▶ _SUPPLIED INFORMATION_:
- Opening Delimiter -

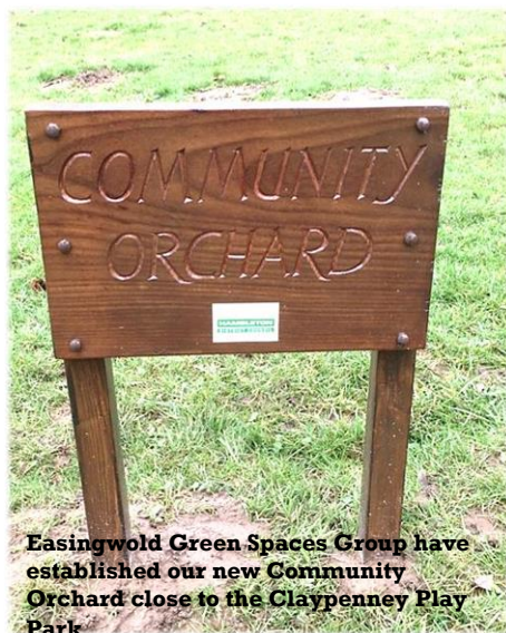
Easingwold Green Spaces Group have established our new Community Orchard close to the Claypenney Play Park
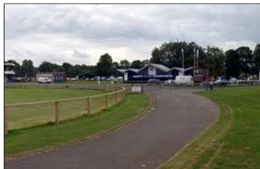
Same view in 2005 - less tarmac and no armco!
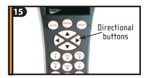
Use the directional arrow keys on the hand control to slew (move) the telescope towards any bright celestial object in the sky. Center the object in the finderscope and press ENTER.
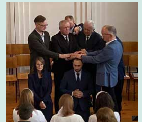
Believers pray over a man, blessing him for pastoral service.

villages with food and other aid, along with the Gospel. They evangelize one-on-one during home visits, and lead children’s ministries. Your prayers and faithful support mean so much to them. And your gifts accomplish so much else—provision of Russian-language Bibles and Christian literature, Bible training, children’s ministries, youth ministries, Compassion Ministry—the list truly goes on. Please pray about how you can help today. ♦
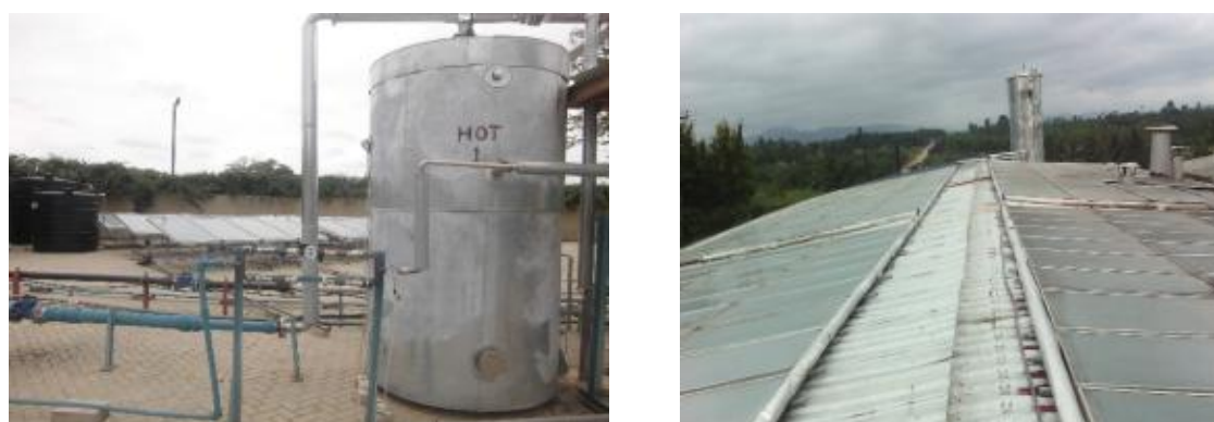
Figure 1: a) Pumped systems with backups at Royal Senchi Resort b) Pumped system with backups at HPW.

In Ghana, there are two main systems in operation, that is, the direct thermosyphon and direct pumped systems. The dominant system is the direct pumped system. However, the configuration and usage are different. For instance, the solar water heating system with an installed capacity of 37.8kW th at the Royal Senchi Resort located at Akosombo, E/R, is used to preheat cold water before entering a boiler to be heated with LPG to the required temperature. In the case of HPW (Fresh and Dry) Company at Adeiso, E/R, the system is used directly to dry the fruits when the temperature attained is sufficient but when the required temperature is not attained, the water from the solar heating system is further heated with diesel and biogas to the expected temperature. Figure 1 depicts the two main systems in operation in the country.

- Closing Delimiter -

▶ _WHAT IS NEEDED_:
When copying from the data above, print only the lines from the line containing "Same view in 2005 - less tarmac and no armco!" to the line containing "Figure 1: a)", exactly, and leave the pictures out.

▶ _YOUR SOLUTION_:
Same view in 2005 - less tarmac and no armco!
Use the directional arrow keys on the hand control to slew (move) the telescope towards any bright celestial object in the sky. Center the object in the finderscope and press ENTER.
Believers pray over a man, blessing him for pastoral service.

villages with food and other aid, along with the Gospel. They evangelize one-on-one during home visits, and lead children’s ministries. Your prayers and faithful support mean so much to them. And your gifts accomplish so much else—provision of Russian-language Bibles and Christian literature, Bible training, children’s ministries, youth ministries, Compassion Ministry—the list truly goes on. Please pray about how you can help today. ♦
Figure 1: a) Pumped systems with backups at Royal Senchi Resort b) Pumped system with backups at HPW.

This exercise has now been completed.